Page MenuHomePhabricator

One week after SDC edits the data still shows up in WCQS queries
Closed, ResolvedPublic

Description

I have a query finding identical duplicate SDC entries for some statements. I removed the duplicates (see here on September 1 but today on September 6 the query still shows duplicates. WCQS should show us what is the data now, not a week ago.

Event Timeline

Restricted Application added a subscriber: Aklapper. · View Herald Transcript
Jarekt renamed this task from One week after SDC queries the data still shows up in WCQS queries to One week after SDC edits the data still shows up in WCQS queries.Sep 7 2020, 2:37 AM

What time on September 1st was this? According to https://lists.wikimedia.org/pipermail/commons-l/2020-August/008161.html it appears the data is reloaded every Tuesday around 9am UTC; perhaps after two days your changes will then manifest in the query result.
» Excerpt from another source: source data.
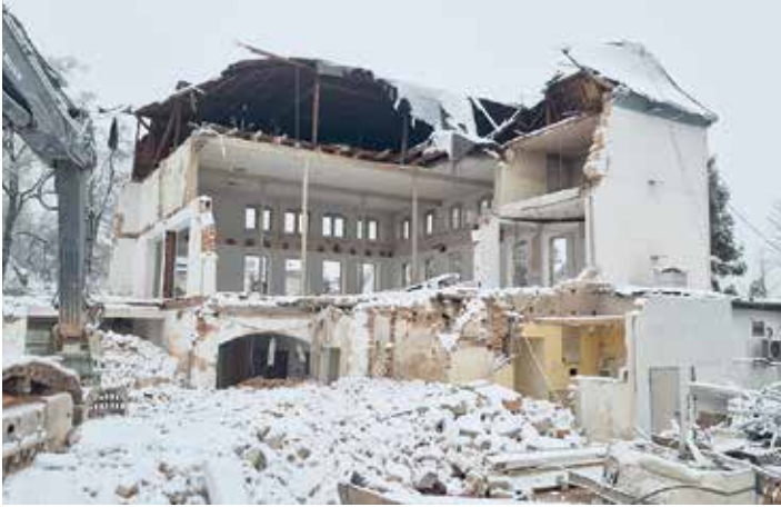
Aufnahme 04.12.2022 Abriss des Gebäudes H34

Die Bauleistungen für den Rohbau sollen im Januar 2023 ausgeschrieben werden.
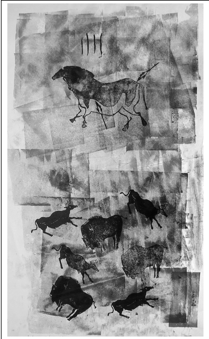
Lénárt Attila: Barlangrajz (vegyes technika), 2007 (eredetileg színes)

a Hajdú-Bihar megyei Fiatal Alkotók Közösségének kulturális és művészeti folyóirata
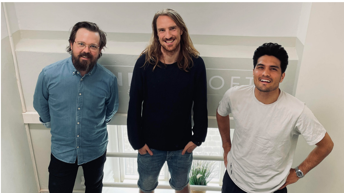
Piffi (Open Play)

För att kunna informera och stödja verksamheter i hela regionen, ge det stöd som behövs innan och under investeringsprocessen och utveckla verksamheten har projektstödet från Västra Götalandsregionen varit oerhört viktigt. Vi är stolta över att de flesta av våra investeringar tydligt bidrar till de långsiktiga prioriteringarna i Västra Götalandsregionens utvecklingsstrategi 2021-2030. Under 2021 gjordes investeringar i en bredd av sociala företag, från arbetsintegrering och nya bostadslösningar, som bidrar till ökad inkludering och innovationskraft, till cirkulära affärsmodeller som kan bidra till en mer hållbar region. Investeringen i det sociala företaget Open Play fungerande som en katalysator som möjliggjorde att företaget fick tillgång till fler investeringar och finansiering och på kort tid kunde gå från prototyp till att skala upp sin hälsofrämjande delningslösning för fritidsutrustning i parker och etablera ett första kommunalt samarbetsavtal med Göteborgs stad. Vi kan nu fortsätta stödja fler innovativa verksamheter i hela regionen tack vare att vi under slutet av 2021 beviljades ett nytt 3-årigt stöd från Västra Götalandsregionen. Under 2021 arbetade vi även för att ytterligare stärka vårt kapital samt hitta fler källor för att säkra medel för drift och utveckling.
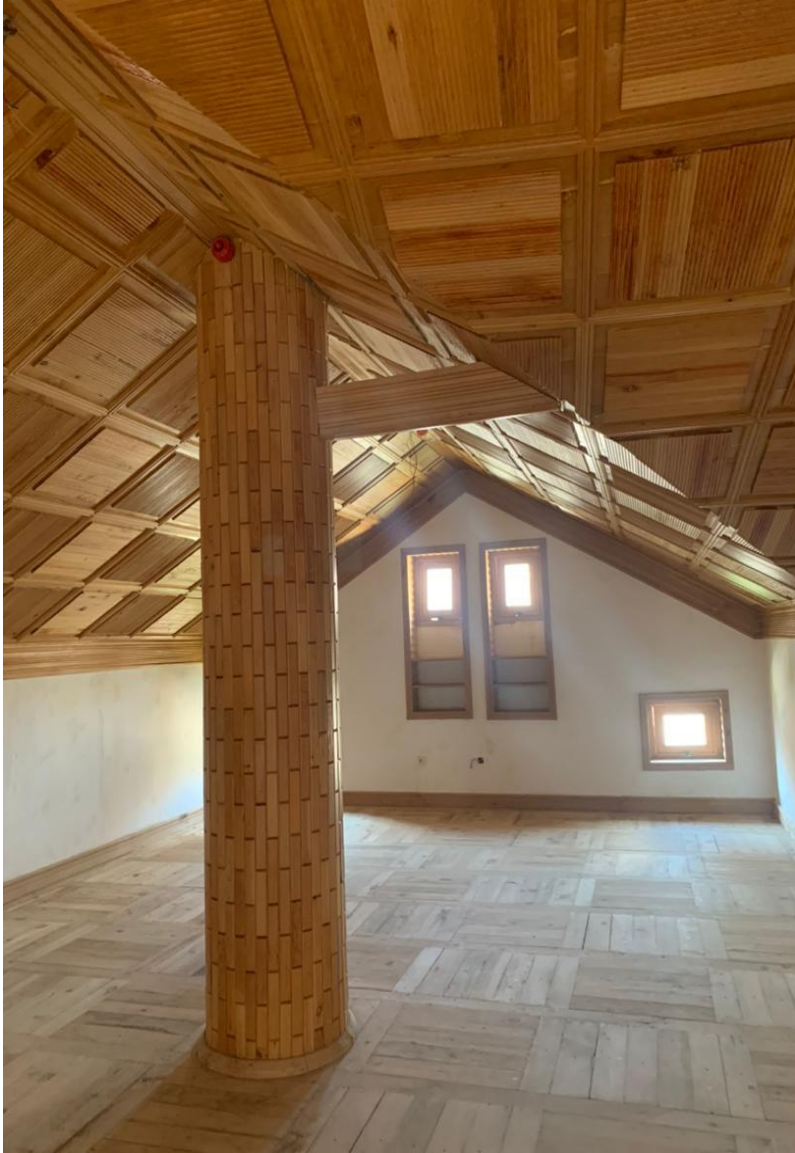
تصویری از ساختمان داخلی حمام و تشناب
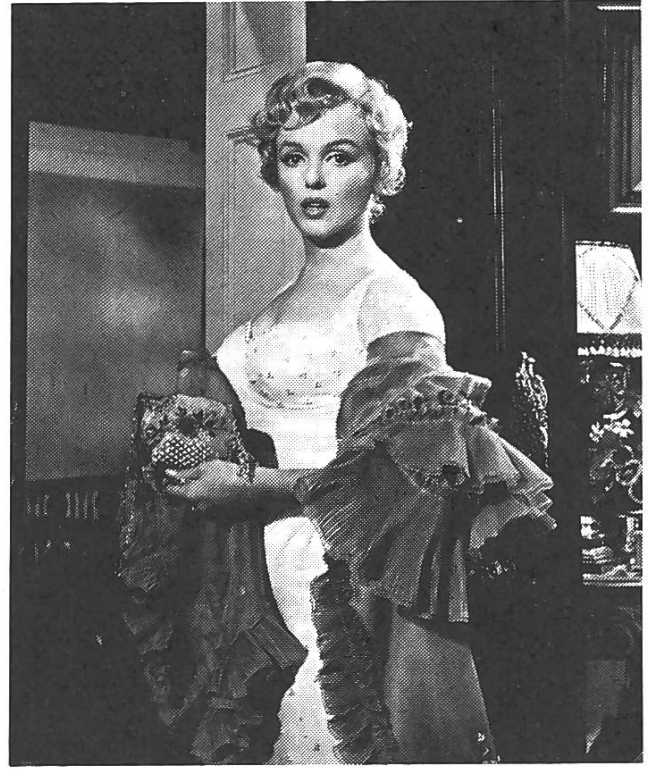
... Giulietta Masina, Marilyn Monroe

Nun, Western werden von den meisten sogenannten ernsthaften Leuten verkannt und darum verachtet. Damit ist also nicht gut argumentieren. Das Bild von den beiden Typen der Frau steckt aber so tief in unserer Kultur, dass man ruhig einmal über den Film hinausgehen darf. Wie wär's mit einem grossen Philosophen und Theologen, dem heiligen Augustinus? Mindestens gehen diese «Western-Klischees»(!), wie Bertrand Russel in seinen «Unpopulären Essays» ausführt, auf wenigstens den heiligen Augustinus zurück. Theologisch werden die beiden Frauentypen, die Heiratsfähige und die Schlampe, repräsentiert durch die heilige Jungfrau Maria und die Eva mit dem Apfel.

The process we have right now is that we use SDC dumps to reload the data each week. Dumps are made each Sunday, which means, that all the changes made between Aug 30th and Sep 6th will only show up in the dump released on Sep 6th. I pushed the update time from Tuesday to Monday, so that the change is visible faster, but it still dependent on the dump itself. Since the current process takes around 4h, we decided not to do the reload more often. Reload should happen today, so after today the change should be visible.

Please note that this is a limitation of the beta service - real time updates will be implemented at some point.

This comment was removed by Zbyszko.

Today's reload happened and if this (https://tinyurl.com/y5vd95rm) query is correct, there are no duplicates. @Jarekt, can you confirm?

I can confirm that my query works as expected today all the found duplicates were real. I did not realized that we had at maximum one week lag between edit and the update of WCQS. The length of that lag was my concern, but it sounds like it will not be addressed in beta version

Gehel claimed this task.